Records from a collection:
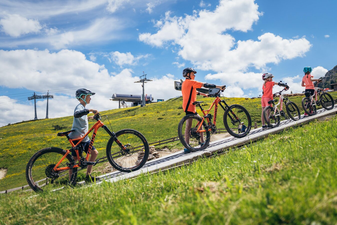 Junge Mountainbike-Freunde werden auf 2 unterschiedlichen Lines spielerisch auf die weiteren Strecken der Reiteralm Trails vorbereitet.
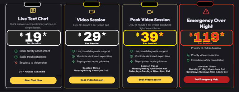 *Chat service purchase is required to begin troubleshooting. Video sessions are add-ons. Electrician availability for video chat may vary based on time.
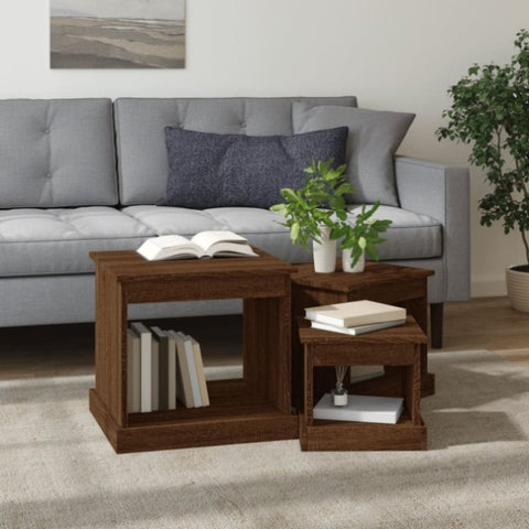Coffee Tables 3 pcs Brown Oak Engineered Wood 816495
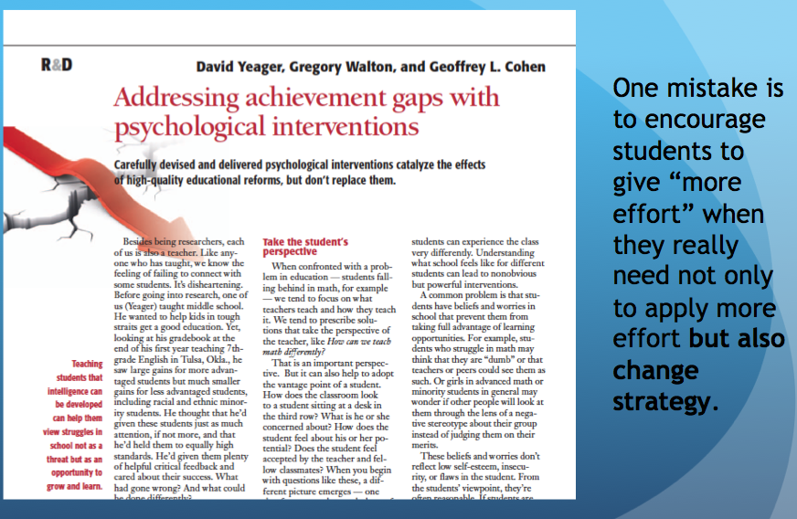 Our overall conclusion, supported by recommendations from other schools, has been that we should not do a big ‘We’re a Growth Mindset School’ launch. This is because it risks setting up a false picture about how far the actual practice has changed in this direction; a stealth approach is better.  We’ve also found this article very useful:
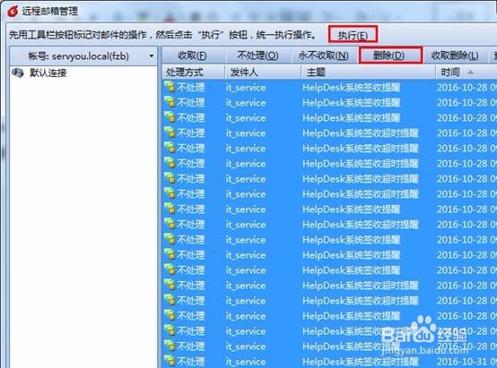 5、單擊刪除按鈕然后選擇執(zhí)行就可以將你服務(wù)器的郵件刪除:
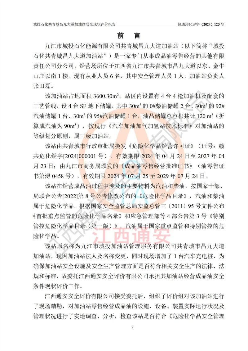評(píng)價(jià)報(bào)告名稱 | 九江市城投石化能源有限公司共青城昌九大道加油站安全現(xiàn)狀評(píng)價(jià)報(bào)告 | |||
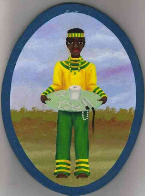 Pieza artística religiosa alegórica a Orula Autor anónimo. Pintura sobre madera. Forma ovalada. Tamaño aproximado: 23x16,7 cm Colección Nobili/Saviola, Roma, Italia
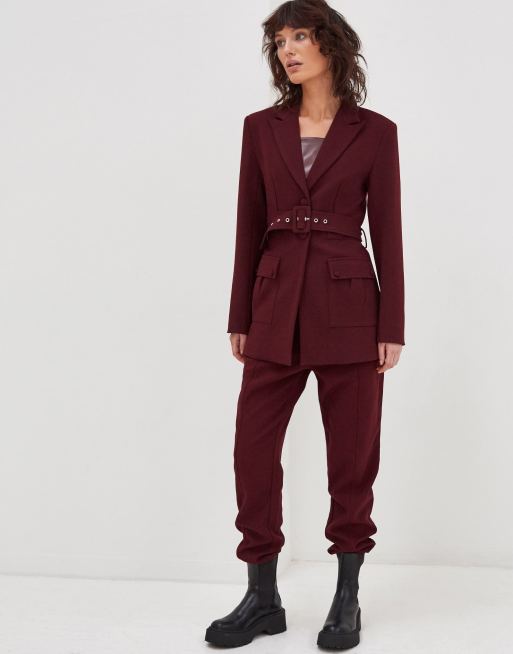 4th & Reckless tailored joggers in burgundy
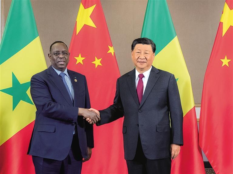 习近平指出,塞内加尔是中国在非洲重要合作伙伴。近年来,在双方共同努力下,中塞政治互信不断深化,各领域合作成果丰硕。中方坚定支持塞方为维护国家稳定和发展所作努力,愿同塞方加强相互支持,深化工业、农业、基础设施建设、人力资源开发等领域合作,共同维护正当发展权益,推动两国全面战略合作伙伴关系得到更大发展。
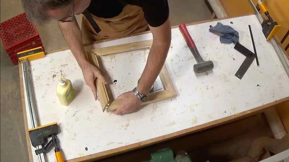 A strap clamp, which wraps around the entire frame, would make this very easy. I don't have one, so I added dowels to the ends to help lock everything together while it is clamped, so that it will not slip. Another option would be to use small nails from the top/bottom where they would be almost unseen.
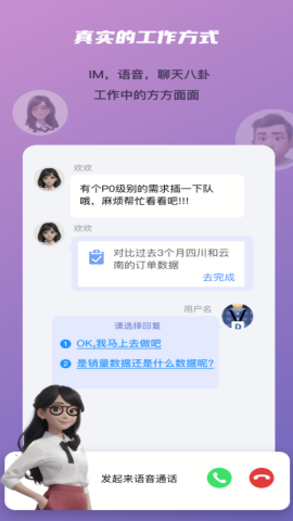 软件的操作界面设计得非常直观友好,新用户只需简单几步就能开始学习之旅。首次使用时,系统会引导你选择想要学习的技能方向和虚拟身份,然后自动为你分配专属的工作台和通讯工具。这些工具完全模拟了真实职场中的办公环境,包括任务管理系统、即时通讯平台和文件共享功能。特别设计的AI上司会通过聊天工具给你下达任务,并根据你的完成情况给予专业指导。整个学习过程就像在真实公司实习一样,让你在不知不觉中掌握职场生存法则。
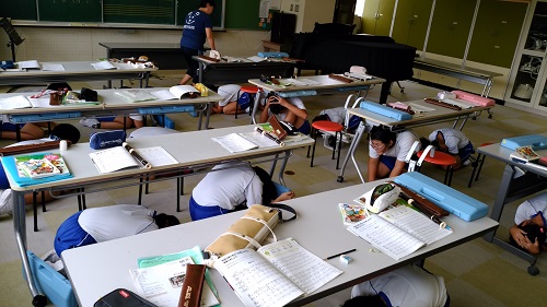 本日、休み時間に、事前予告なしの防災訓練を行いました。
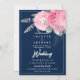 Peony pink silver glitter navy blue floral Wedding Invitation
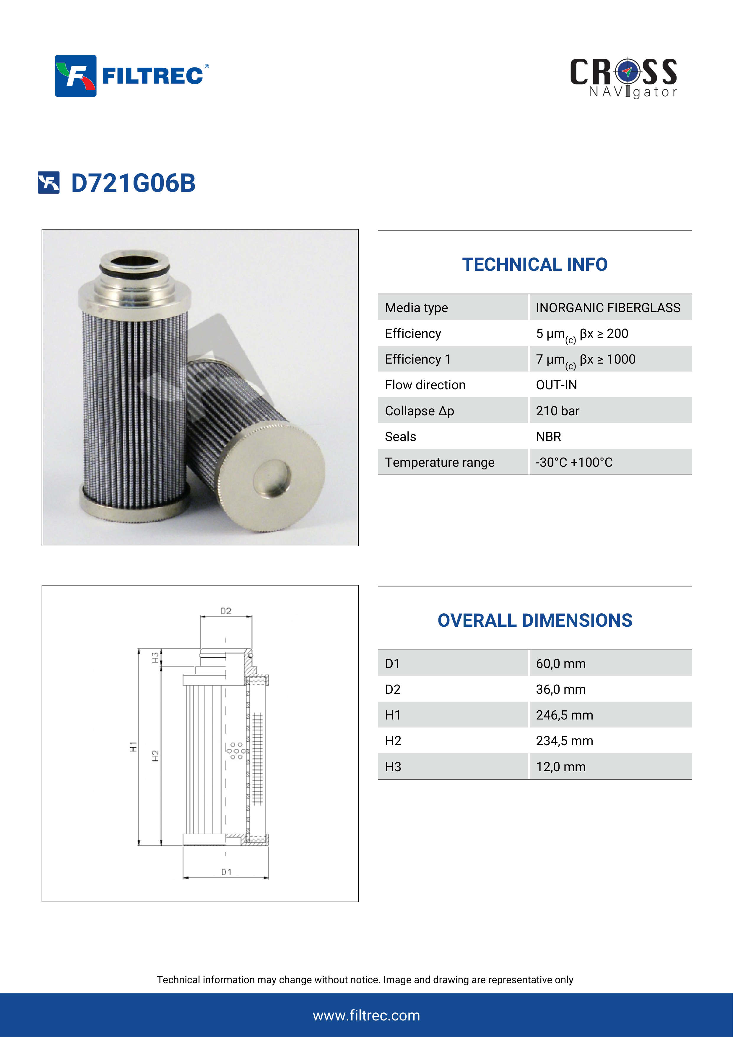 The efficiency of the element is shown using the Micron (µ) and Beta (β) ratings. The micron rating indicates the size of the particle being filtered and the beta rating the efficiency, calculated as 1/β.
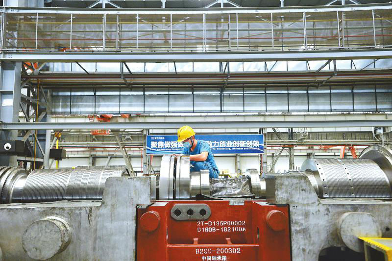 7月21日,东方汽轮机有限公司正加紧生产。该公司是我国最大的发电设备制造企业之一。
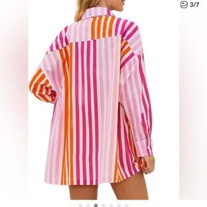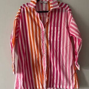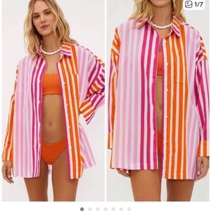 NWT Beach Riot orange and pink striped oversized shirt cover up. Size S/M

EXERCISE PROMPT: Keep the pictures out, and write out the rest of the data above word for word.

OUTPUT FOR THIS EXERCISE:
 Junge Mountainbike-Freunde werden auf 2 unterschiedlichen Lines spielerisch auf die weiteren Strecken der Reiteralm Trails vorbereitet.
 *Chat service purchase is required to begin troubleshooting. Video sessions are add-ons. Electrician availability for video chat may vary based on time.
Coffee Tables 3 pcs Brown Oak Engineered Wood 816495
 Our overall conclusion, supported by recommendations from other schools, has been that we should not do a big ‘We’re a Growth Mindset School’ launch. This is because it risks setting up a false picture about how far the actual practice has changed in this direction; a stealth approach is better.  We’ve also found this article very useful:
 5、單擊刪除按鈕然后選擇執(zhí)行就可以將你服務(wù)器的郵件刪除:
評(píng)價(jià)報(bào)告名稱 | 九江市城投石化能源有限公司共青城昌九大道加油站安全現(xiàn)狀評(píng)價(jià)報(bào)告 | |||
 Pieza artística religiosa alegórica a Orula Autor anónimo. Pintura sobre madera. Forma ovalada. Tamaño aproximado: 23x16,7 cm Colección Nobili/Saviola, Roma, Italia
 4th & Reckless tailored joggers in burgundy
 习近平指出,塞内加尔是中国在非洲重要合作伙伴。近年来,在双方共同努力下,中塞政治互信不断深化,各领域合作成果丰硕。中方坚定支持塞方为维护国家稳定和发展所作努力,愿同塞方加强相互支持,深化工业、农业、基础设施建设、人力资源开发等领域合作,共同维护正当发展权益,推动两国全面战略合作伙伴关系得到更大发展。
 A strap clamp, which wraps around the entire frame, would make this very easy. I don't have one, so I added dowels to the ends to help lock everything together while it is clamped, so that it will not slip. Another option would be to use small nails from the top/bottom where they would be almost unseen.
 软件的操作界面设计得非常直观友好,新用户只需简单几步就能开始学习之旅。首次使用时,系统会引导你选择想要学习的技能方向和虚拟身份,然后自动为你分配专属的工作台和通讯工具。这些工具完全模拟了真实职场中的办公环境,包括任务管理系统、即时通讯平台和文件共享功能。特别设计的AI上司会通过聊天工具给你下达任务,并根据你的完成情况给予专业指导。整个学习过程就像在真实公司实习一样,让你在不知不觉中掌握职场生存法则。
 本日、休み時間に、事前予告なしの防災訓練を行いました。
 Peony pink silver glitter navy blue floral Wedding Invitation
 The efficiency of the element is shown using the Micron (µ) and Beta (β) ratings. The micron rating indicates the size of the particle being filtered and the beta rating the efficiency, calculated as 1/β.
 7月21日,东方汽轮机有限公司正加紧生产。该公司是我国最大的发电设备制造企业之一。
 NWT Beach Riot orange and pink striped oversized shirt cover up. Size S/M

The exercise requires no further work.